By Dr Angus Hayes
About the author
Dr Angus Hayes is an Australian ICU registrar who recently spent time in Norway observing anaesthetic protocols and practices. In this article he examines recently published data, to compare Australian anaesthetic norms against those seen in Norway.
I walk into the OT…*BEEP* *BEEP* *BEEP*. The scents and sounds are familiar (although the language certainly proves foreign and challenging). The patient is supine. The anaesthetic machine whirs and beeps. The hustle and bustle of nurses and surgeons hurrying around the theatre makes me feel at home. One element though, is missing. The anaesthetist. I approach the anaesthetic nurse – helpfully identified by an ever-present rainbow lanyard detailing the major drugs used for paralysis, hypnosis, and analgesia. “Hvor er anestesilegen?”. I ask the nurse where the anaesthetist is. The nurse hears my bumbling, broken Norwegian and replies in English, “Oh there’s no anaesthetist for this case. It’s elective and the patient is low-risk so I run the case myself. If anything goes wrong I just hit the emergency buzzer, and the anaesthetist overseeing our group of theatres will come and assist”. My brain is spinning. Anaesthesia without an anaesthetist? This can’t be. Never during my time as an anaesthetic intern or medical student back home in Australia had I ever seen anything like this. How can a patient be put to sleep, paralysed, and operated on, without a specialist anaesthetist overseeing their care? I quickly learn that this is indeed the norm in Norway (and for other parts of Europe, apparently). Multiple cases run by multiple anaesthetic nurses with just a single anaesthetic consultant on-call for any deviations from the norm or emergencies. This was certainly unusual and foreign to me, but one could easily envision the financial benefit of this system, and it did seem to work well…or did it?
Does an absent anaesthetist make for a compromised anaesthetic? Fortuitously, a recent JAMA article aimed to answer exactly this question. “Association of Anesthesiologist Staffing Ratio With Surgical Patient Morbidity and Mortality” (Burns et al., 2022) is a retrospective, matched cohort study consisting of major noncardiac inpatient surgical procedures performed from January 1, 2010, to October 31, 2017 that was conducted in 23 US hospitals. A total of 866,453 adult patients were included. Patients were grouped by anaesthetist to patient ratios. Group 1 had a 1:1 ratio, group 2 had a 1:2 ratio, group 3 had a 1:3 ratio, group 4 had a 1:4 ratio. The measured outcomes were: 30-day mortality, and any one of 6 major surgical morbidities (cardiac, respiratory, gastrointestinal, urinary, bleeding, or infectious complications). Burns and their team subsequently found that increasing anaesthetist coverage responsibilities was associated with an increase in risk-adjusted surgical patient morbidity and mortality. Groups were batched, and when comparing groups 1-2 against groups 3-4, an increase in risk-adjusted mortality and morbidity of 14% was seen (95%CI; P<.001). Note that we see a higher mortality in the 1:1 staffing ratio group when compared to the 1:1-2 and 1:2-3 ratio groups. Burns et al postulate that this is likely due to either: 1:1 ratio cases having higher acuity and therefore higher inherent risk of mortality, OR low institutional case-loads leading to idle clinicians and lack of appropriate attention.

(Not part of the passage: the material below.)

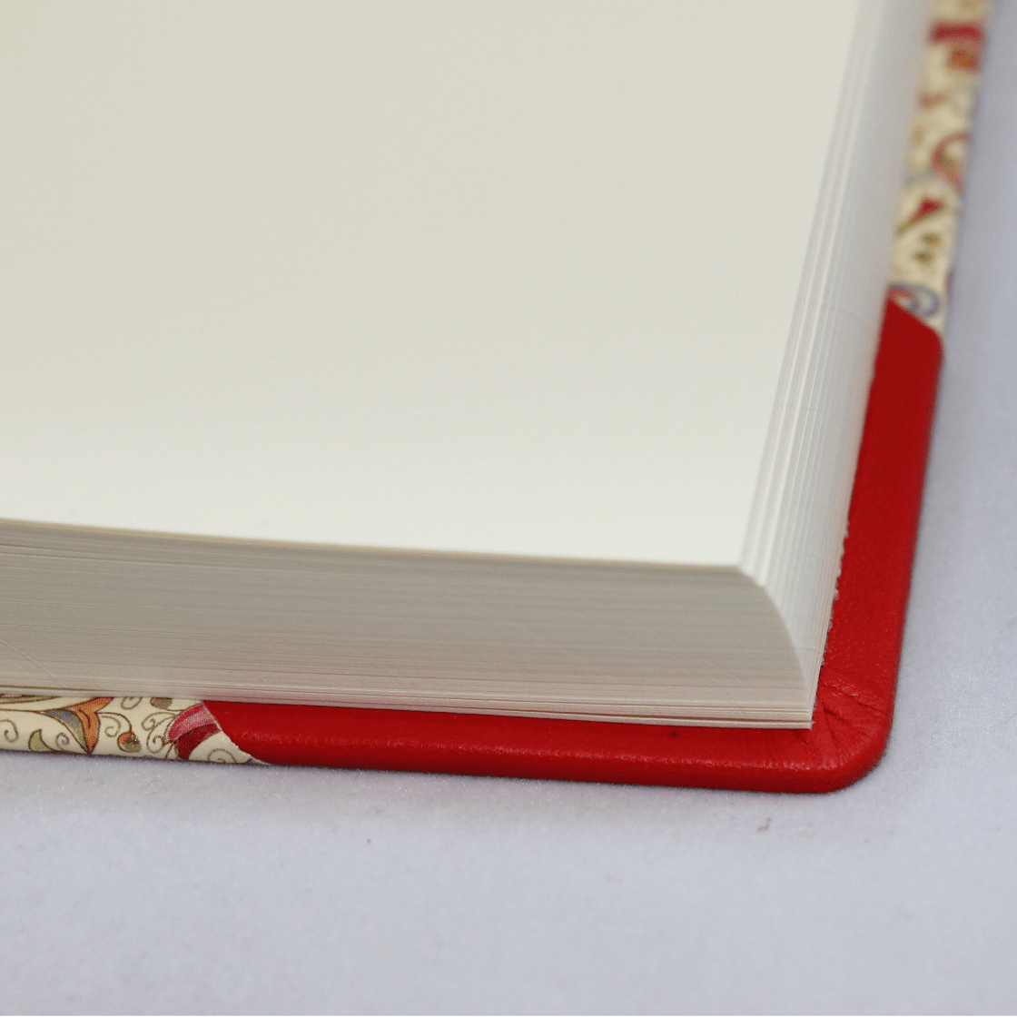 Bestes Faßgegerbtes Vollrindleder in rot und der besonders schöne Papierdruck mit farbenfrohen Blumenmotiven sind etwas ganz besonderes. Der Buchrücken und die Ecken sind mit dem Vollrindleder bezogen. Daher stammt auch der Ausdruck „Halbleder“! Natürlich ist auch der Verschluss in diesem Vollrindleder gefertigt. Sie werden die Qualität spüren und den unverfälschlichen Ledergeruch lieben.

Nonetheless, we see above a clear correlation between increasing anaesthetist coverage, and increased risk of patient morbidity and mortality during non-cardiac inpatient surgical procedures. But what can we expect to gain from a system set up in this way? Financial savings and reduction in clinician workload are both important considerations that we must keep front of mind when trying to justify a system as described above. Burns et al postulate that there is a likely significant reduction in financial costs, and in clinician workload and subsequent fatigued-induced errors when such a system is utilised. Further data investigating the quantitative outcomes here are lacking and represent an area for further research.
To surmise, this author suggests that despite the increase in mortality and morbidity seen when anaesthetists are not present in the operating theatre, there are tangible financial benefits which may outweigh this burden. Further research could aim to compare associations between hospital-wide mortality and the varying levels of financial burden induced by high and low anaesthetist staffing levels at these respective institutions.